* [Data supplied]
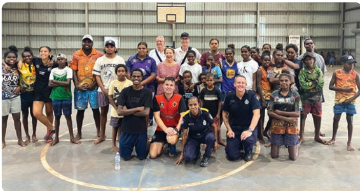
Ball games paused for the Champions to have a group photo with the AFL Cape York representatives working with the PCYC team to deliver school holiday activities in Aurukun.
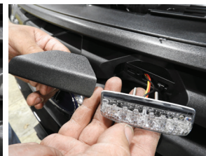
MicroPulse C Series shown with optional stud mount for easy installation
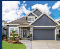
New Residential and Repaint

FOR EVERY PAINTING AND FINISHING APPLICATION
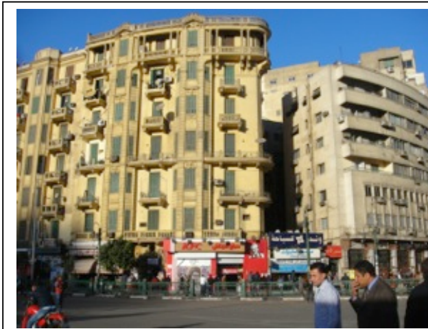
KFC in Tahrir Square, Cairo, the site of one of the largest makeshift clinics ( mustashfa maydaniyya ) erected during the uprisings. My 'informants', doctors who participated/volunteered there, talked about this site at length. It eventually became the target of state forces, as more and more citizens donated supplies and medical aid there.
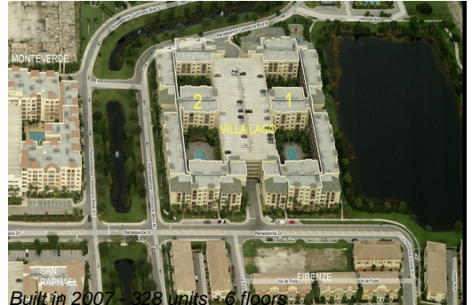
Built in 2007 - 328 units - 6 floors
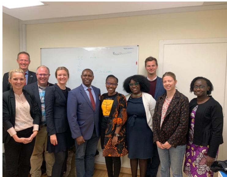
The Government of Denmark Officials and Centre staff

Assessing the journey towards preventing and countering violent extremism in the region is critical towards measuring progress and impact. One of our key partner enabling the implementation of P/CVE initiatives in the Horn of Africa is the Government of Denmark under the Peace and Stabilization Programme. On 31st August, 2022 the Centre team led by the Director held discussions with Government of Denmark officials on the implementation of the specified programmes targeting state and non-state actors to prevent and counter the threat of violent extremism. Out of the discussions it emerged necessary that efforts towards peace and stability in the Horn of Africa needs to be prioritized.
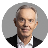
Tony Blair Institute report on personal digital health records July 2024

Bleepa® featured as key programme delivering impact under the Community Diagnostics Programme – opened national team dialogue
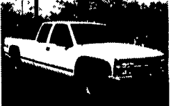
99 Chevy K2500 4x4 Long Bed, 350 V8, 8800 GVW, 77K $17,900
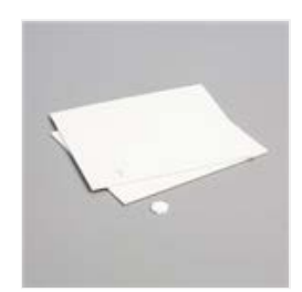
Stampin' Dimensionals -104430
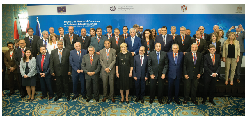
Ministers in charge of housing, municipal affairs and urban development gathered in Cairo to reinforce cooperation and adopted the UfM Urban Agenda.
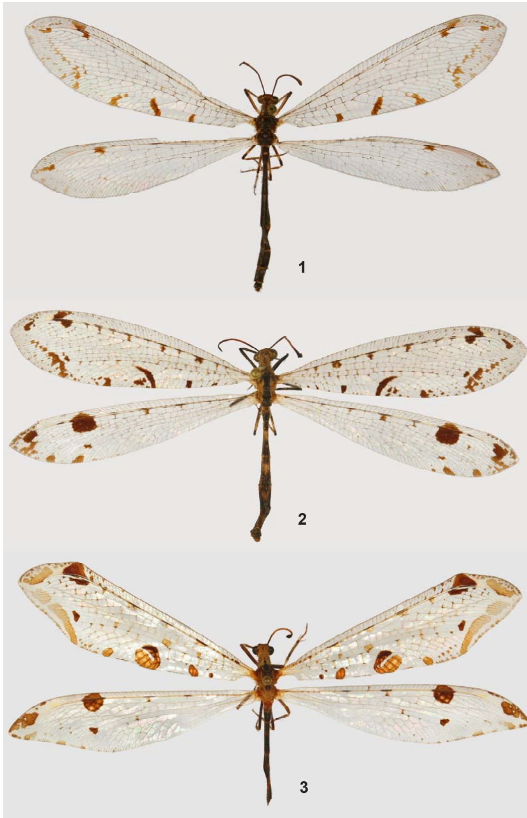
Figure 1-3. Adult Dendroleon females, full dorsal view. 1) D. speciosus . 2) D. obsoletus . 3) D. porteri , holotype.
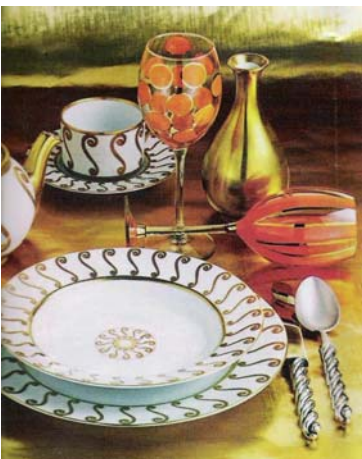
Marc Blackwell Tableware

Official Inaugural Plate front (top) and back.
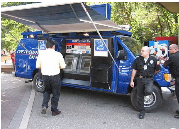
Mobile ATMs in a van.

Services such as these are integral to the transformation of consumer finance from something that happens within domestic markets, defined by national borders, to a practice that integrates people, providers, and regulatory bodies around the globe.
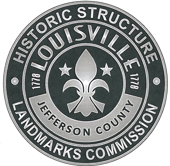
Black and Sand
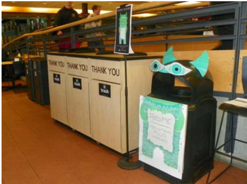
The Beast bins in Reeve Union
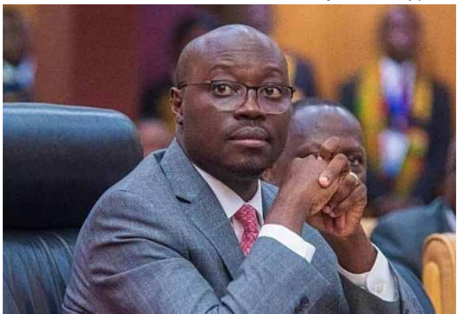
Dr Cassiel Ato Forson, Minority Leader in Parliament
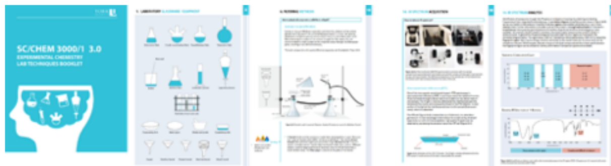
Figure 3 Layout and content snapshots of the "Experimental Chemistry Lab Techniques Booklet".

One of the resources created is the 60-page - "Experimental Chemistry Lab Techniques Booklet", which has been specifically designed for CHEM 3000/1 students as it details all the lab techniques that are used across the labs in those two courses, providing students with a background on specific glassware, details on apparatuses and spectrometers, and why and how certain techniques are used, while also highlighting safety considerations. The screenshots of the typical content and layout of the booklet are shown in Figure 3. The booklet has been designed as a reference resource and students are encouraged to use it before labs in conjunction with short videos that are provided on eClass (at this point from other sources, but in the future, we plan to create our own). In 2021, when this booklet was created, we coupled it to an orientation lab (mandatory, but not graded) which was designed as a scavenger hunt where students had to perform some of the steps of key techniques utilized in CHEM 3000/1. Students had handouts which they had to fill out based on the information in the booklet and the in-lab exercises that they performed. The idea was to allow students to familiarize themselves with the lab and equipment without the added pressure of grades or performance which are typically associated with regular lab sessions.
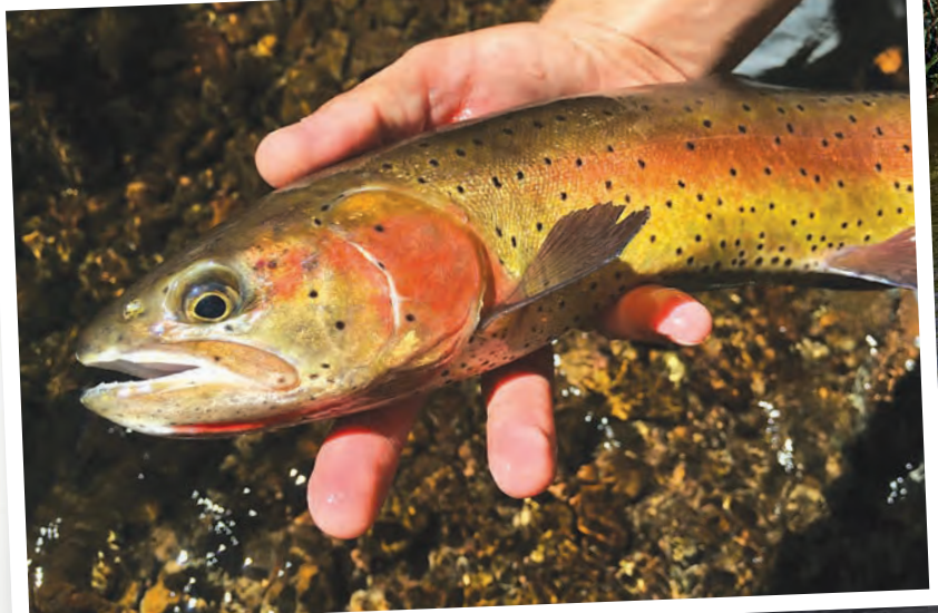
Bright-orange Lahontan cutthroat (pictured) are the state fish of Nevada. The imperiled species depends on cold streams like McDermitt Creek, which flows through Disaster Peak Ranch (right)

As we work to identify the ideal long-term steward for the ranch, we are positioning the property for long-term habitat conservation and compatible grazing. Together with the U.S. Fish and Wildlife Service, Oregon Department of Fish and Wildlife, Nevada Department of Wildlife, Trout Unlimited and other partners, we are working to realize a shared hope of Lahontan cutthroat trout surviving into the next century and beyond.
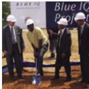
September - October 2003: Clearing and surveying the site, making way for the internal roads, and turning the soil.
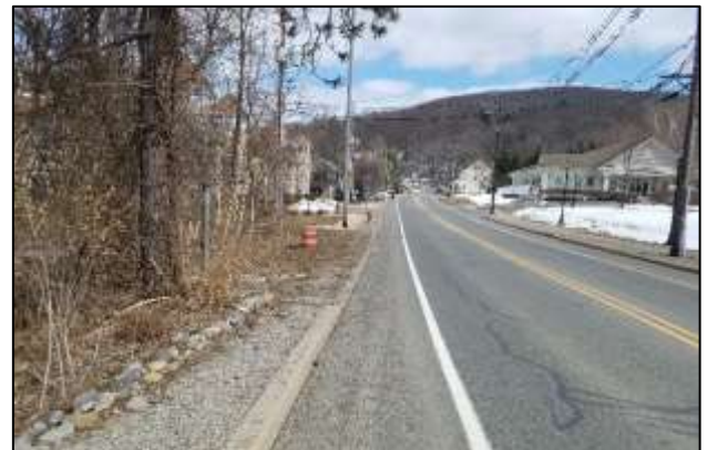
CR 620/98 Main St. : View of Project Site Looking East
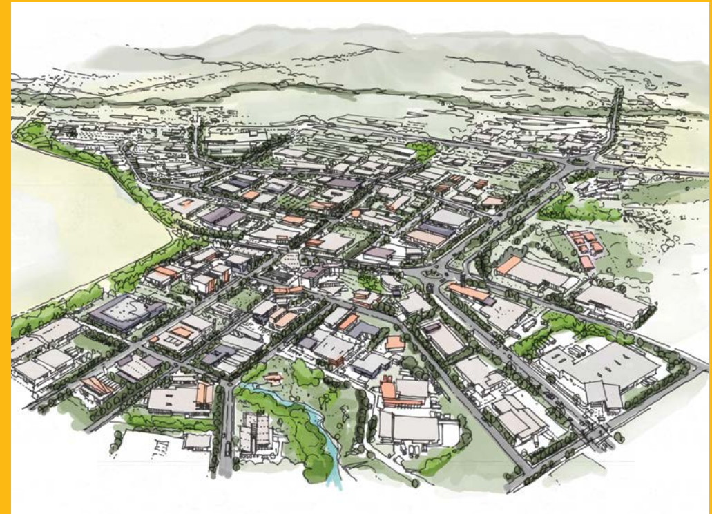
Artist's impression of a proposed specialised centre in the Western Sydney Employment Area

Western Sydney's population is expected to grow by 900,000 TATT
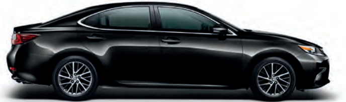
223 Graphite Black Glass Flake
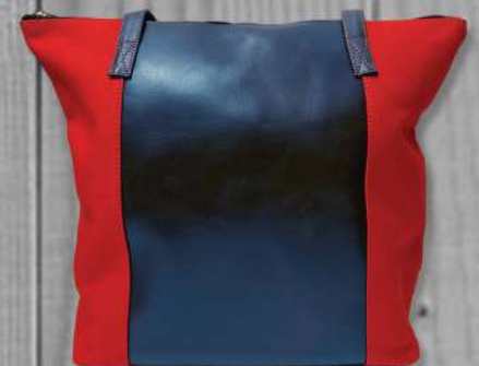
Paloma Tote #97401 (11.5" x 5" x 12.5")
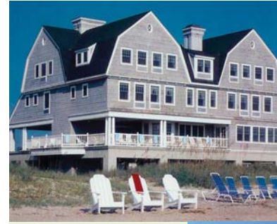
Some HILS sessions are held at the Elizabeth Pointe Lodge in Amelia Island, Florida.
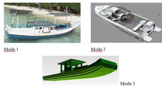
Fig.2. Mode of maritime tourism transportation (mode 1, 2 and 3)
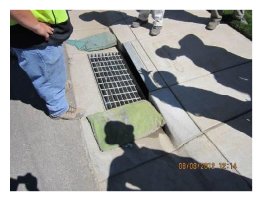
Photograph 4. View of deteriorated gravel bags used for storm drain inlet protection.
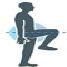
Single Leg Balance
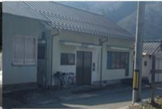
Control Point(7) 油木地区老人集会所
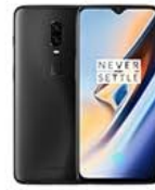
One Plus 6T
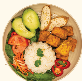
114 CƠM TẤM ĐẬU HŨ XÀO SẢ Vegetarian broken rice with sautéed lemongrass and chili tofu $14.90
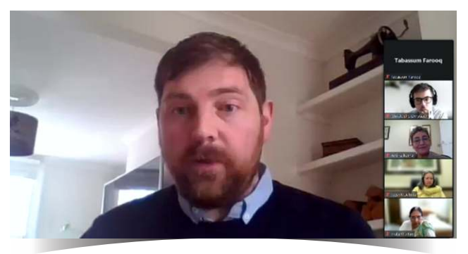
18. Global Millet (Shree Anna) Conference | 19th March 2023 | New Delhi

* [Work required] Your copy of the entries should be exact and free of pictures.

* [Solution below]
Ball games paused for the Champions to have a group photo with the AFL Cape York representatives working with the PCYC team to deliver school holiday activities in Aurukun.
MicroPulse C Series shown with optional stud mount for easy installation
New Residential and Repaint

FOR EVERY PAINTING AND FINISHING APPLICATION
KFC in Tahrir Square, Cairo, the site of one of the largest makeshift clinics ( mustashfa maydaniyya ) erected during the uprisings. My 'informants', doctors who participated/volunteered there, talked about this site at length. It eventually became the target of state forces, as more and more citizens donated supplies and medical aid there.
Built in 2007 - 328 units - 6 floors
The Government of Denmark Officials and Centre staff

Assessing the journey towards preventing and countering violent extremism in the region is critical towards measuring progress and impact. One of our key partner enabling the implementation of P/CVE initiatives in the Horn of Africa is the Government of Denmark under the Peace and Stabilization Programme. On 31st August, 2022 the Centre team led by the Director held discussions with Government of Denmark officials on the implementation of the specified programmes targeting state and non-state actors to prevent and counter the threat of violent extremism. Out of the discussions it emerged necessary that efforts towards peace and stability in the Horn of Africa needs to be prioritized.
Tony Blair Institute report on personal digital health records July 2024

Bleepa® featured as key programme delivering impact under the Community Diagnostics Programme – opened national team dialogue
99 Chevy K2500 4x4 Long Bed, 350 V8, 8800 GVW, 77K $17,900
Stampin' Dimensionals -104430
Ministers in charge of housing, municipal affairs and urban development gathered in Cairo to reinforce cooperation and adopted the UfM Urban Agenda.
Figure 1-3. Adult Dendroleon females, full dorsal view. 1) D. speciosus . 2) D. obsoletus . 3) D. porteri , holotype.
Marc Blackwell Tableware

Official Inaugural Plate front (top) and back.
Mobile ATMs in a van.

Services such as these are integral to the transformation of consumer finance from something that happens within domestic markets, defined by national borders, to a practice that integrates people, providers, and regulatory bodies around the globe.
Black and Sand
The Beast bins in Reeve Union
Dr Cassiel Ato Forson, Minority Leader in Parliament
Figure 3 Layout and content snapshots of the "Experimental Chemistry Lab Techniques Booklet".

One of the resources created is the 60-page - "Experimental Chemistry Lab Techniques Booklet", which has been specifically designed for CHEM 3000/1 students as it details all the lab techniques that are used across the labs in those two courses, providing students with a background on specific glassware, details on apparatuses and spectrometers, and why and how certain techniques are used, while also highlighting safety considerations. The screenshots of the typical content and layout of the booklet are shown in Figure 3. The booklet has been designed as a reference resource and students are encouraged to use it before labs in conjunction with short videos that are provided on eClass (at this point from other sources, but in the future, we plan to create our own). In 2021, when this booklet was created, we coupled it to an orientation lab (mandatory, but not graded) which was designed as a scavenger hunt where students had to perform some of the steps of key techniques utilized in CHEM 3000/1. Students had handouts which they had to fill out based on the information in the booklet and the in-lab exercises that they performed. The idea was to allow students to familiarize themselves with the lab and equipment without the added pressure of grades or performance which are typically associated with regular lab sessions.
Bright-orange Lahontan cutthroat (pictured) are the state fish of Nevada. The imperiled species depends on cold streams like McDermitt Creek, which flows through Disaster Peak Ranch (right)

As we work to identify the ideal long-term steward for the ranch, we are positioning the property for long-term habitat conservation and compatible grazing. Together with the U.S. Fish and Wildlife Service, Oregon Department of Fish and Wildlife, Nevada Department of Wildlife, Trout Unlimited and other partners, we are working to realize a shared hope of Lahontan cutthroat trout surviving into the next century and beyond.
September - October 2003: Clearing and surveying the site, making way for the internal roads, and turning the soil.
CR 620/98 Main St. : View of Project Site Looking East
Artist's impression of a proposed specialised centre in the Western Sydney Employment Area

Western Sydney's population is expected to grow by 900,000 TATT
223 Graphite Black Glass Flake
Paloma Tote #97401 (11.5" x 5" x 12.5")
Some HILS sessions are held at the Elizabeth Pointe Lodge in Amelia Island, Florida.
Fig.2. Mode of maritime tourism transportation (mode 1, 2 and 3)
Photograph 4. View of deteriorated gravel bags used for storm drain inlet protection.
Single Leg Balance
Control Point(7) 油木地区老人集会所
One Plus 6T
114 CƠM TẤM ĐẬU HŨ XÀO SẢ Vegetarian broken rice with sautéed lemongrass and chili tofu $14.90
18. Global Millet (Shree Anna) Conference | 19th March 2023 | New Delhi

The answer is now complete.